Ambiente
04 Giugno 2026 10:48:47
Ambiente Asti chiede all'amministrazione comunale più attenzione e progetti sul Parco della Resistenza
L'aumento dei controlli delle forze dell'ordine all'interno del Parco della Resistenza di viale alla Vittoria ha riportato al centro dell'attenzione una delle aree verdi più importanti di Asti. Proprio sui giardini davanti all'ex ospedale interviene la lista civica Ambiente Asti che, valutando positivamente l'iniziativa della Prefettura volta a rafforzare la sicurezza, invita però a guardare oltre il tema in sé e a immaginare un percorso di valorizzazione complessiva del parco.
In una nota firmata da Salvatore Marullo, Elena Berta e dal consigliere comunale Mario Malandrone, viene evidenziato come la tutela dell'ordine pubblico rappresenti un passaggio necessario, ma non sufficiente per affrontare le problematiche che da tempo interessano l'area. Secondo i promotori dell'iniziativa, il parco costituisce un patrimonio storico, ambientale e paesaggistico di grande rilievo per la città. Progettato dall'architetto paesaggista Giuseppe Roda e caratterizzato dalla presenza di alberature di pregio, è descritto come un luogo identitario che necessita di una strategia di rilancio capace di restituirgli centralità nella vita cittadina.

Tra le criticità segnalate figurano la condizione di alcune aree gioco, la presenza di strutture inutilizzate e una progressiva riduzione della funzione aggregativa dello spazio pubblico. Per Ambiente Asti, il contrasto al degrado passa soprattutto attraverso una maggiore frequentazione da parte dei cittadini: famiglie, scuole, associazioni e gruppi sportivi potrebbero infatti contribuire a trasformare il parco in un luogo vissuto quotidianamente, rafforzando così un presidio sociale diffuso e naturale.
Accanto alla lettera aperta, Mario Malandrone ha presentato un'interrogazione rivolta al sindaco Maurizio Rasero e agli assessorati competenti per conoscere gli orientamenti dell'amministrazione sul futuro dell'area.
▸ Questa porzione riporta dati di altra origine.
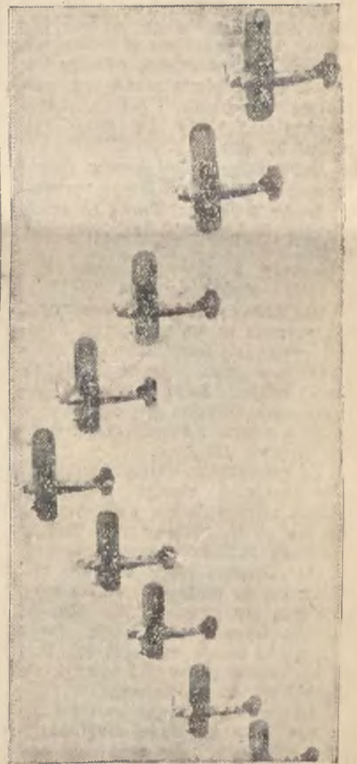
Samoloty myśliwskie w szyku bojowym

Kielce. Wskutek długotrwałych i ulewnych deszczów wszystkie rzeki na terenie woj. kieleckiego znacznie weszły. Narazie nie zachodzi obawa powodzi.

Anche il documento richiama il valore storico e botanico del parco, realizzato tra la fine dell'Ottocento e i primi anni del Novecento, e pone una serie di quesiti riguardanti la gestione e gli investimenti programmati. Tra i temi affrontati figura anzitutto la sicurezza, con la richiesta di chiarire le motivazioni che hanno determinato l'intensificazione dei controlli e di conoscere eventuali dati relativi a segnalazioni o episodi registrati negli ultimi anni, soprattutto nelle fasce orarie serali e notturne.

L'interrogazione si concentra inoltre sugli interventi di manutenzione ordinaria e straordinaria previsti per il 2026, chiedendo informazioni sullo stato di viali, illuminazione e arredi urbani. Un altro capitolo riguarda le aree gioco e le strutture oggi inutilizzate. Malandrone domanda se siano allo studio progetti di recupero per chioschi ed edifici attualmente non impiegati, con l'obiettivo di restituire funzionalità e servizi all'area. Particolare attenzione viene dedicata anche al patrimonio arboreo, con richieste specifiche sui monitoraggi e sugli interventi programmati per garantire la conservazione degli alberi storici e monumentali presenti nel parco.
Non manca il tema della programmazione culturale. Il consigliere chiede, infatti, se l'amministrazione intenda promuovere attività educative, sportive e culturali capaci di incrementare la presenza dei cittadini e se sia prevista l'elaborazione di un piano complessivo di valorizzazione che metta in relazione ambiente, cultura e attrattività turistica. Infine, vengono richiesti chiarimenti sulle risorse economiche destinate al Parco della Resistenza negli ultimi tre anni e sugli stanziamenti previsti per il futuro, così da valutare il livello di investimento dell'ente nella gestione e nello sviluppo dell'area.